Baseline characteristics of Biologic Treated Groups vs SNB
(comparator) group
Compared to SNB subjects, neither biologic groups had significantly
different baseline exacerbations or AHE (Table 1). However, they both
showed other baseline severity markers, with significantly higher FENO,
worse lung function and more mOCS dependency.
Compared to SNB subjects, OMA subjects had significantly younger age of
asthma onset (Table 1). They were also more ethnically diverse and were
all atopic. They also had a significantly greater prevalence of
rhinitis, allergic bronchopulmonary aspergillosis (ABPA), and nasal
(polyps/sinus) surgery.
Conversely, compared to SNB subjects, MEPO subjects had a significantly
higher maximum PBE (Table 1), were older, diagnosed with asthma later in
life, and predominantly male. Additionally, they had a significantly
higher prevalence of nasal polyps and nasal (polyps/sinus) surgery but
less dysfunctional breathing.
Omalizumab responseOverall, 99.0%,(104/105) patients completed OMA trials. One person
withdrew due to side-effects. OMA (Figure 1) significantly reduced
exacerbations [Median(IQR), baseline: 5(3) to 0(3) at end-of-trial,
P<0.001], mOCS dose [Median(IQR), baseline: 10(10-20) to
10(5-15) at end-of-trial, P=0.002], AHE [Median(IQR), baseline: 1(2)
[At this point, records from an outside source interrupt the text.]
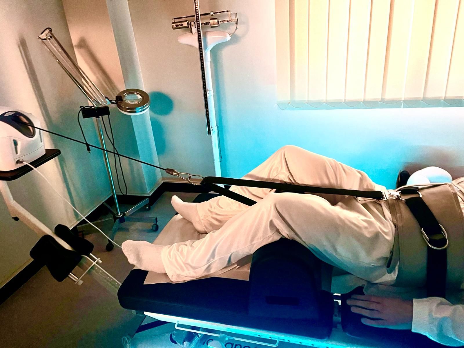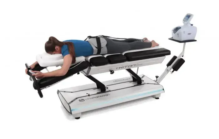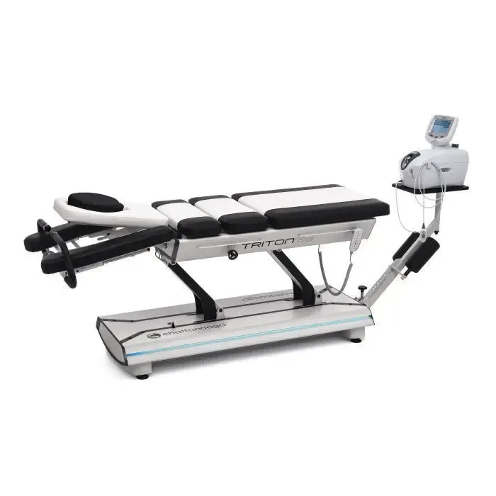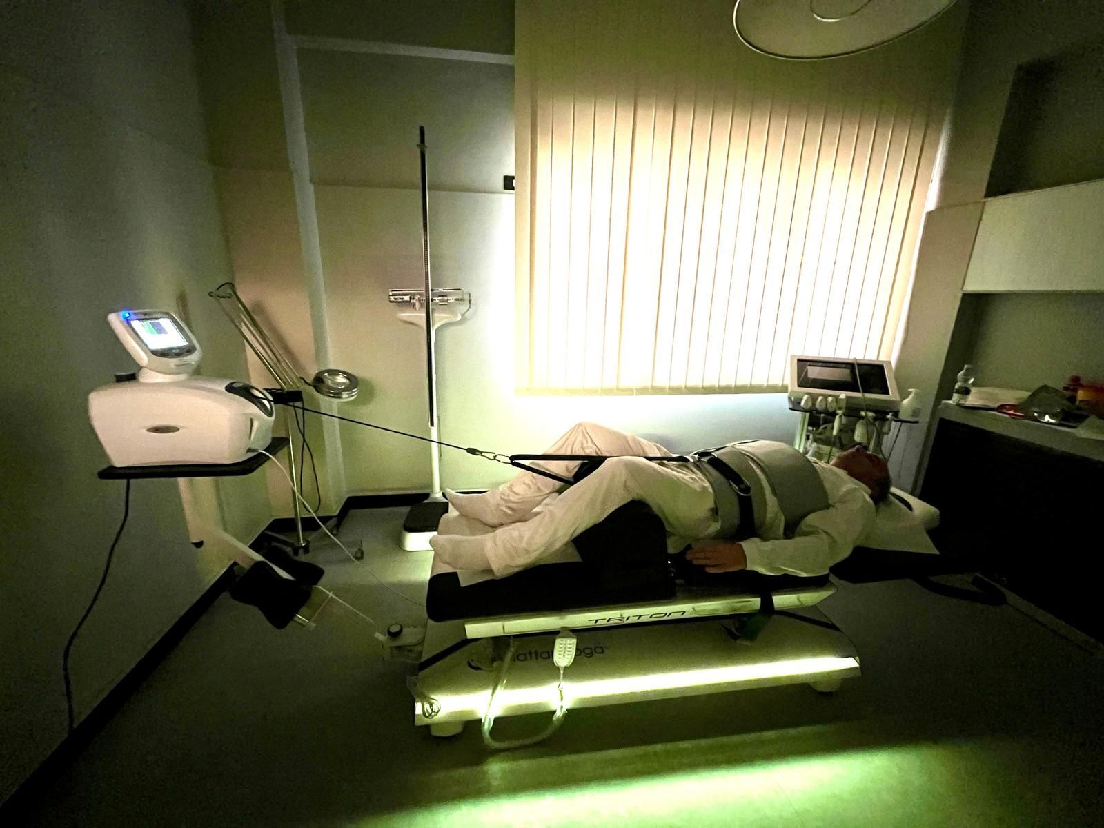 Presso il nostro studio usiamo il Lettino Triton 6E top di gamma, uno dei più avanzati tavoli a trazione elettrica, azionato da moderni attuatori che assiste nel movimento senza attrito delle sezioni della testa, del bacino, del torace e delle gambe.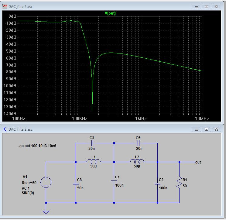 این فیلتر برای مقاومت ورودی و خروجی 50 اهم طراحی شده, بنابراین باید از یک تبدیل امپدانس بعد از DAC استفاده کرد.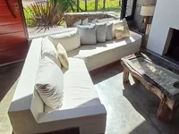 Lovely house for sale with 3 bedrooms all with ensuite bathrooms. Living/dining with fireplace surrounded by lots of glass to enjoy the outdoor views and illumination. Kitchen partially integrated into the kitchen with breakfast bar. Guest house complet with kitchenette, bedroom and bathroom. Garden with outdoor dining area and barbecue. Pool Ref: 2152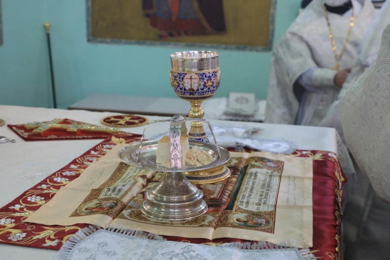 Песнопения Божественной литургии исполнил хор под управлением Анастасии Логвиновой.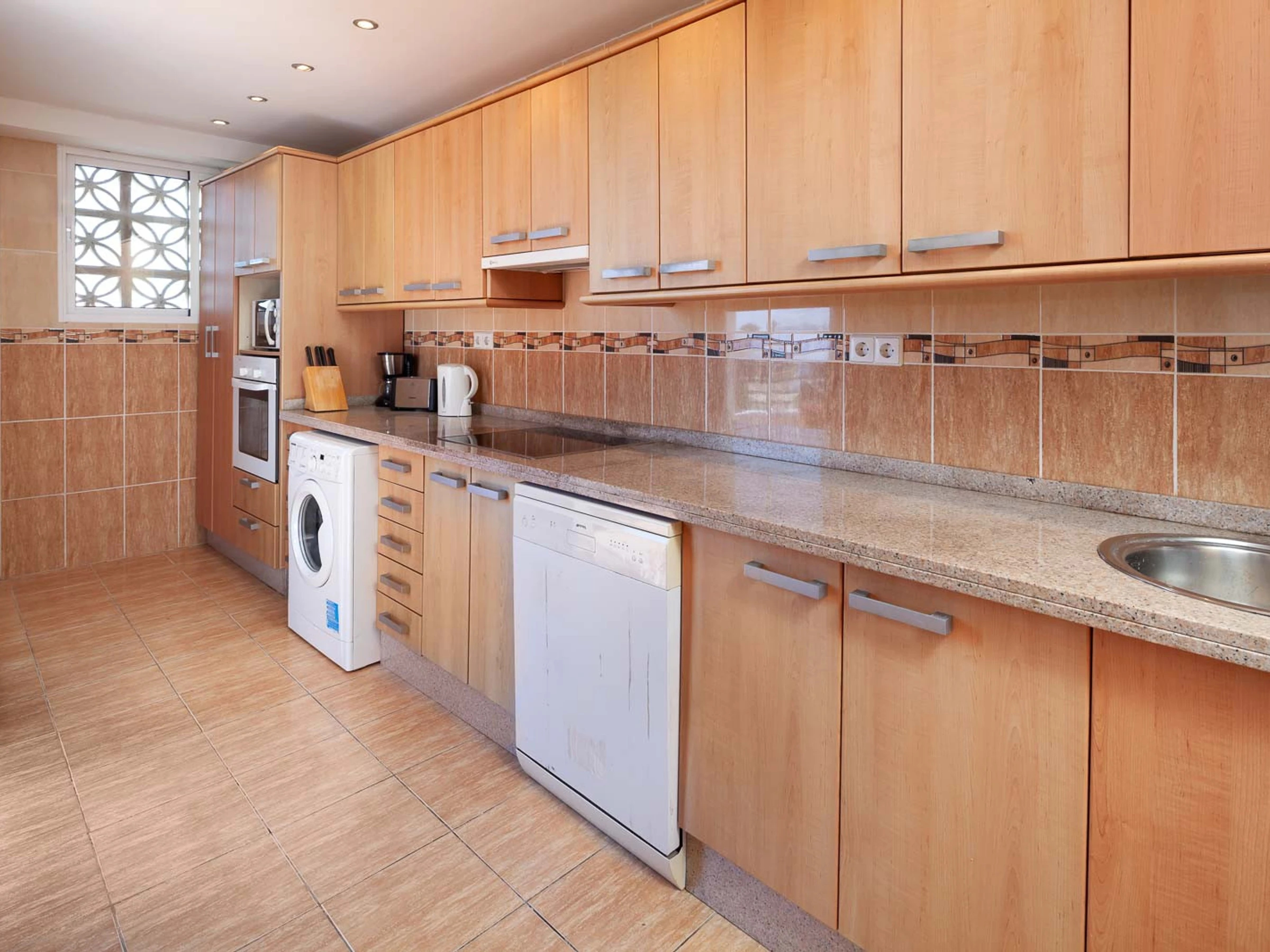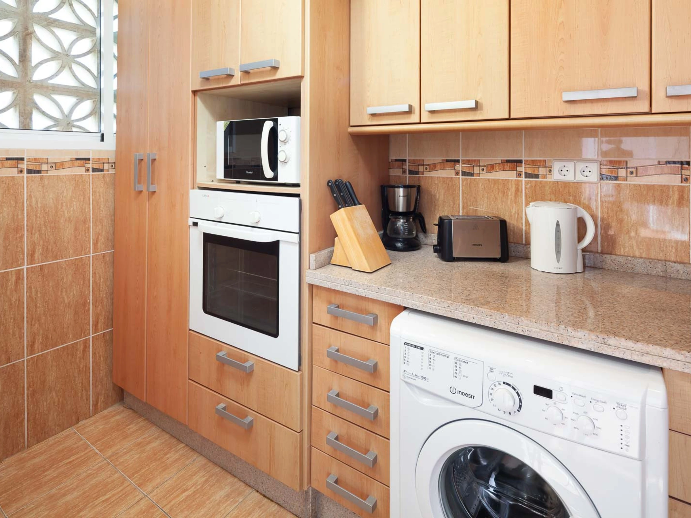 Discover your new home in this charming one-bedroom flat on the third floor, with stunning views of the pool! This flat offers a warm and comfortable atmosphere, perfect for relaxing. Located on the third floor, you will enjoy unobstructed views of the pool, creating a peaceful and relaxing atmosphere. The flat has been tastefully decorated, offering a cozy and comfortable space that will make you feel at home from the very first moment. A large terrace allows plenty of natural light to flood in, enhancing the warmth of the flat and providing a feeling of spaciousness. Equipped with modern, high quality appliances, it ensures that all your daily needs are met with efficiency and style.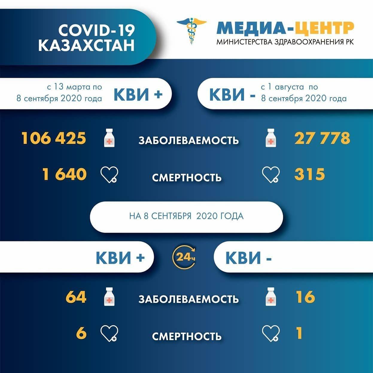 🖤 46 случаев с летальным исходом от коронавирусной инфекции зарегистрированы с 31 августа по 6 сентября в Казахстане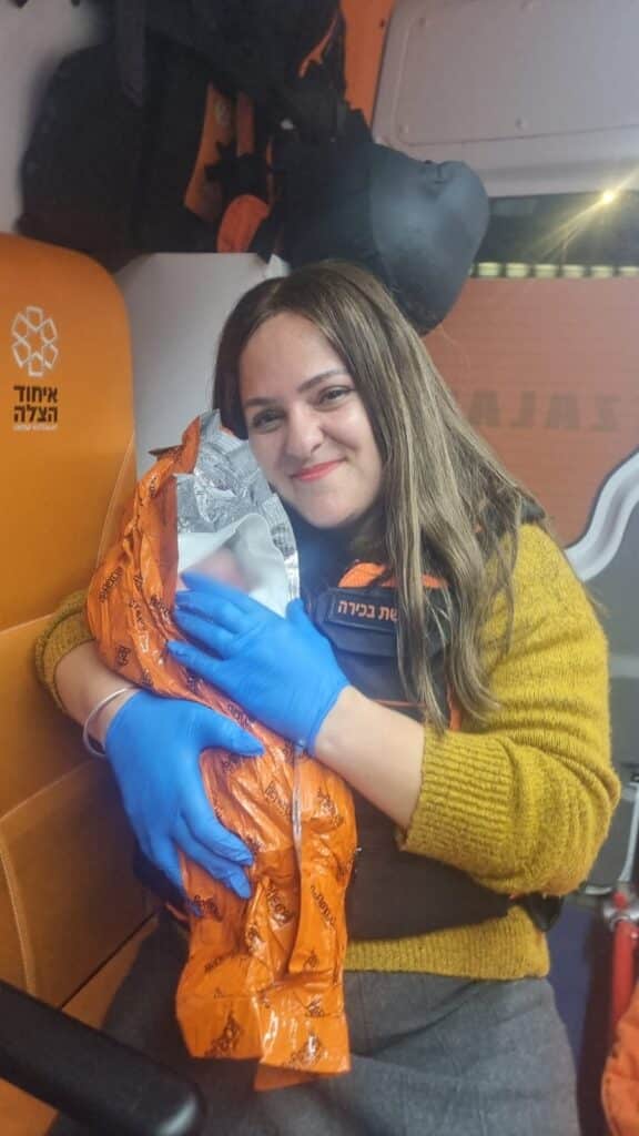 בהגיעם למקום הבחינו באישה עם צירים מתקדמים, האישה הוכנסה לתוך אמבולנס איחוד הצלה ובתוכו צוות האמבולנס החלו בתהליך קבלת לידה, בשעה טובה נולדה בת, לאם ולתינוקת שלום.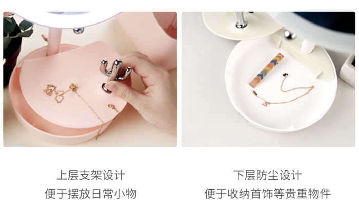 这款同样来自洛斐的晨曦美妆镜,底座兼具储物功能,颜值与实力并存,为你的化妆桌节省空间。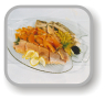 Senf- und ChinabratenKartoffelgratin und Kaisergemüse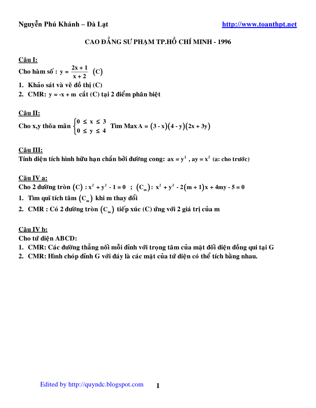 TUYỂN TẬP CÁC ĐỀ THI ĐẠI HỌC CAO ĐẲNG MÔN TOÁN ( có đáp án ).pdf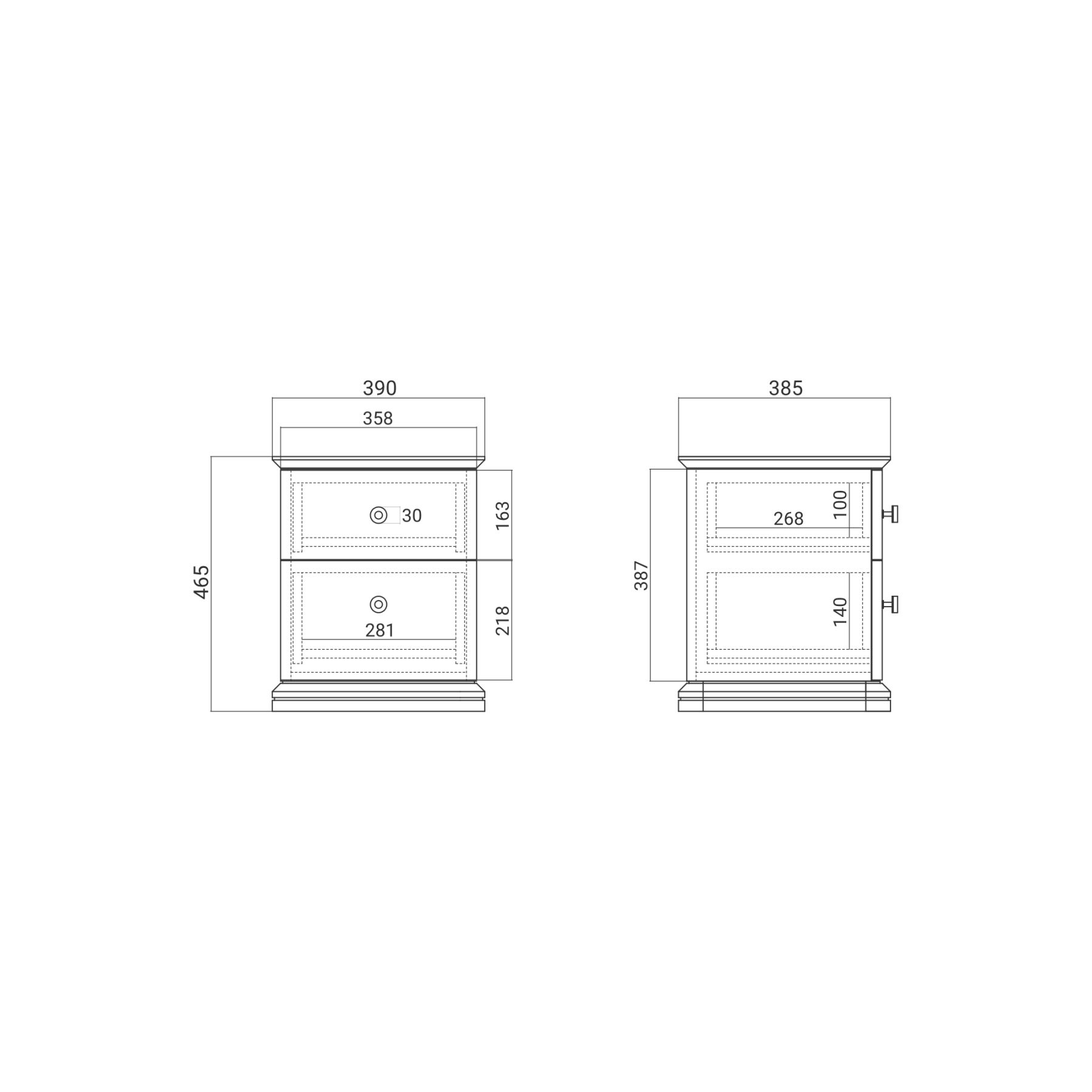 Тумба оснащена двумя ящиками для хранения, которые украшают массивные ручки в стильной отделке. Ножки из массива дуба обрабатываются вручную: их многогранные очертания — результат кропотливой работы наших специалистов.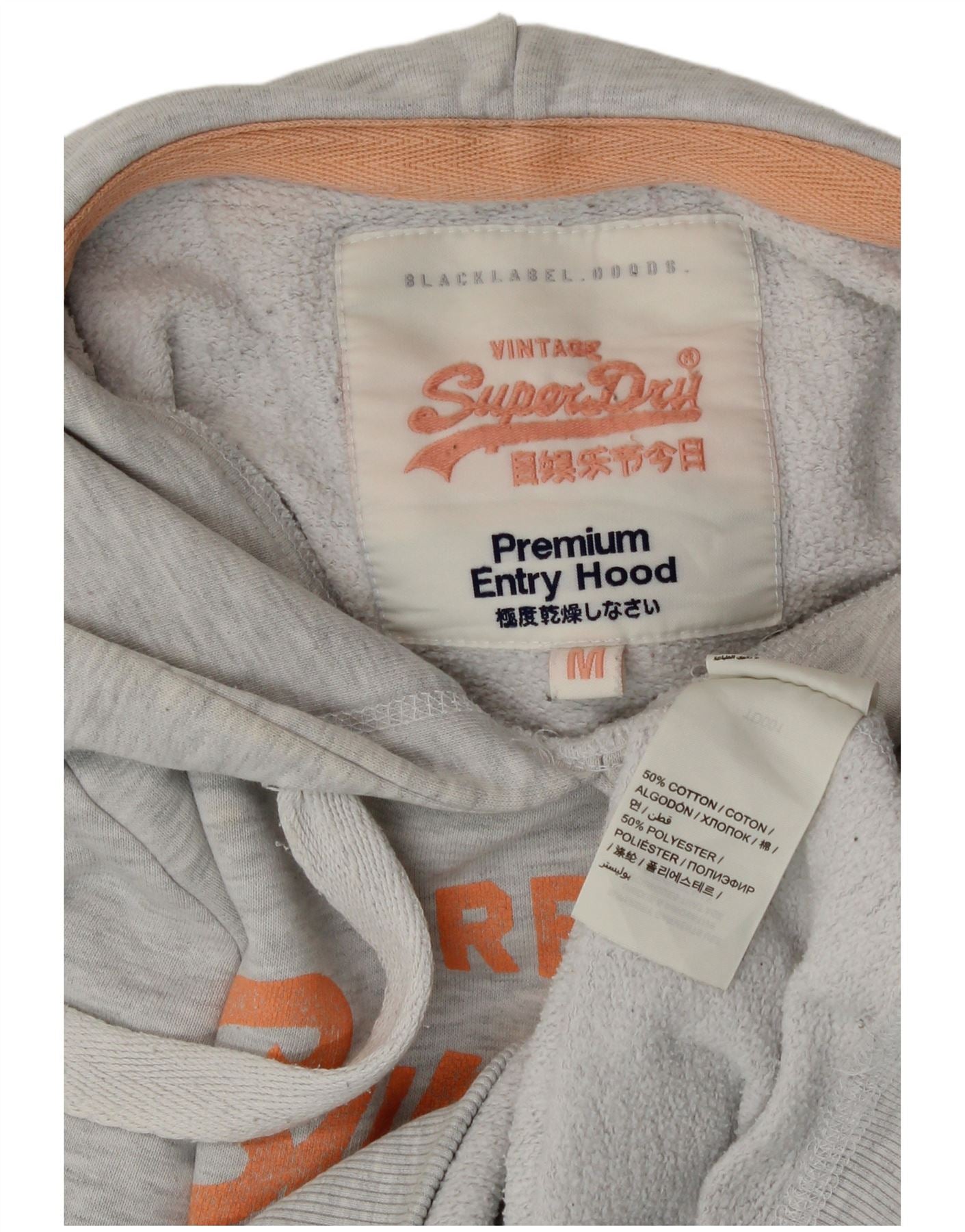 Jumper feminino com capuz gráfico SUPERDRY UK 14 algodão manchado cinza médio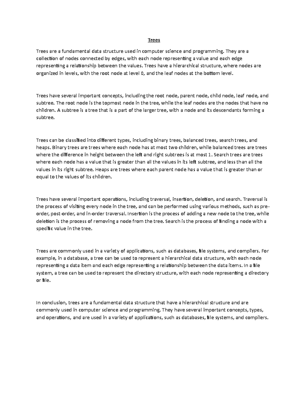 Trees - Trees Trees are a fundamental data structure used in computer ...

to 0(0) at end-of-trial, P=0.003] and the proportion of patients with
multiple (>1) AHE [Baseline: 36.5%,(38/104);
end-of-trial: 15.4%,(16/104), P=0.007]. OMA (Figure 1) also
significantly improved asthma control [Mean (SD) ACQ6, baseline:
2.96(1.26) to 1.64(1.12) at end-of-trial, P <0.001], Clinic
FEV1% [Mean(SD), baseline: 67.34(25.93) to
75.40(21.79) at end-of-trial, P<0.001] and reduced PBE
(cells/μL) [Median(IQR) baseline: 200(400) to 200(200) at
end-of-trial, P=0.002]. However, it did not significantly reduce mOCS
dependency [Baseline: 48.1%, (50/104), end-of-trial: 41.6% (42/101),
P=NS].
Omalizumab responders vs
non-respondersOMA response, as assessed by GETE, was
achieved in 88.5%, (92/104) of subjects completing trials. OMA
responders (supplementary table E2) were significantly older [Mean(SD)
Age, Responder: 53(15) vs non-responder: 44(12), P=0.025] and had
lower prevalence of anxiety [Responder: 26.6%,(21/79) vs
non-responder: 63.6%,(7/11), P=0.031]. In multivariate analysis
(Table 2), anxiety and more AHE at baseline were independently
associated with treatment failure, while more exacerbations at baseline
was independently associated with treatment response.